Die Flut hatte auch das Fachwerk in den Innenwänden des Erdgeschosses vollkommen zerstört, so dass die Statik neu gedacht werden musste. Gelöst wurde die Situation mit einem querlaufenden Stahlbalken unter der Decke und einer freistehenden filigranen Stütze in den dem nun vollkommen geöffneten Einraum. Wohn-, Ess-, Koch-, und Eingangsbereich reihen sich nun um den vor dem historischen Kaminblock stehenden neuen Ofen. Sechs Fenster hat der große Raum, ein oder zwei pro Wand, die tiefen Fensternischen sind schöne Sitzplätze mit Blick auf den Veybach und den Garten. Die weißen Kunststoffsprossenfenster waren nach der Flut nicht „beschädigt genug“, um sie zu entsorgen. Dirk Lüderwaldt tun sie ein wenig weh, aber da das Budget einen Ersatz nicht mehr hergab, wurden sie gereinigt und repariert und werden wohl noch einige Zeit halten.
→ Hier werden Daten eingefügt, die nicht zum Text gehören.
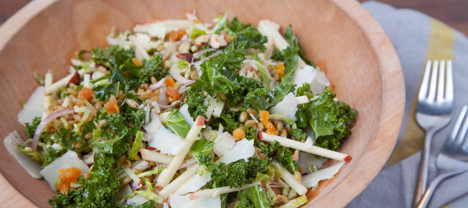 - In a medium-size salad bowl toss together the cooked freekeh, kale, brussels sprouts, apples and hazelnuts.
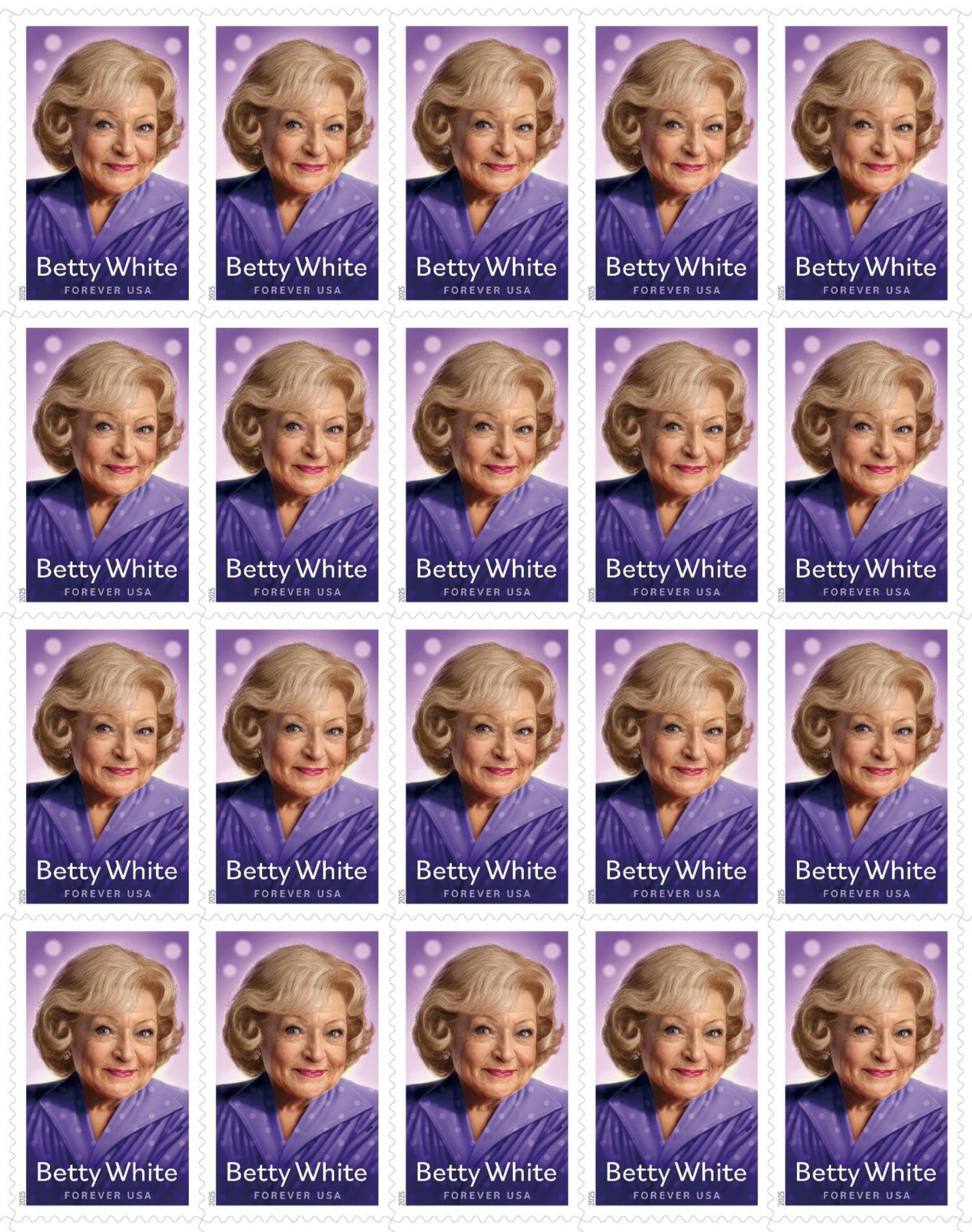 The United States Postal Service honors TV icon Betty White with a Forever Stamp featuring her portrait against a violet background. Celebrating her 80+ year career, iconic sitcoms, and animal advocacy, this stamp captures the spirit and sparkle of one of America's most beloved stars.

Die neuen Elektroinstallationen, Steckdosen und Lichtschalter werden auf dem freigelegten Mauerwerk oder dem neuen mineralischen Putz geführt, so sind sie einfach zugängig, sollte es, was nicht auszuschließen ist, wieder einmal Flutschäden geben. Die neue Treppe, die steil vom Erdgeschoss ins Obergeschoss führt, ist vollständig aus Stahl, die Verbindungen sind geschweißt, die Schweißnähte sichtbar, gleiches gilt auch für das Geländer, der Handlauf ist allerdings handschmeichelnd aus Holz.

Im Obergeschoss liegen auf hochwassersichtbarem Niveau zwei Schlafzimmer, ein kleines Badzimmer sowie ein Haustechnikraum, im spitzen Giebel ein kleiner Lagerraum. Da im Obergeschoss nicht mehr mit Wasserschäden gerechnet werden muss, konnten die Dielenböden mit kleinerem Flickwerk, geschliffen und geölt erhalten werden. Gleiches gilt auch für die hölzerne Konstruktion des Dachstuhls, der mit einzelnen zimmermannsmäßig sehr ästhetisch ausgeführten Reparaturen erhalten werden konnte und in den Schlafzimmern wirkungsvoll sichtbar ist. Das Dach wurde vollständig erneuert. Da gleichzeitig auch die Wände auf der Innenseite gedämmt werden mussten, wurden die Einblasdämmung zwischen die Sparren (Dach) und Holzständer (Wände) eingebracht, mit Holzfaserzementplatten abgeschlossen und mineralisch gestrichen.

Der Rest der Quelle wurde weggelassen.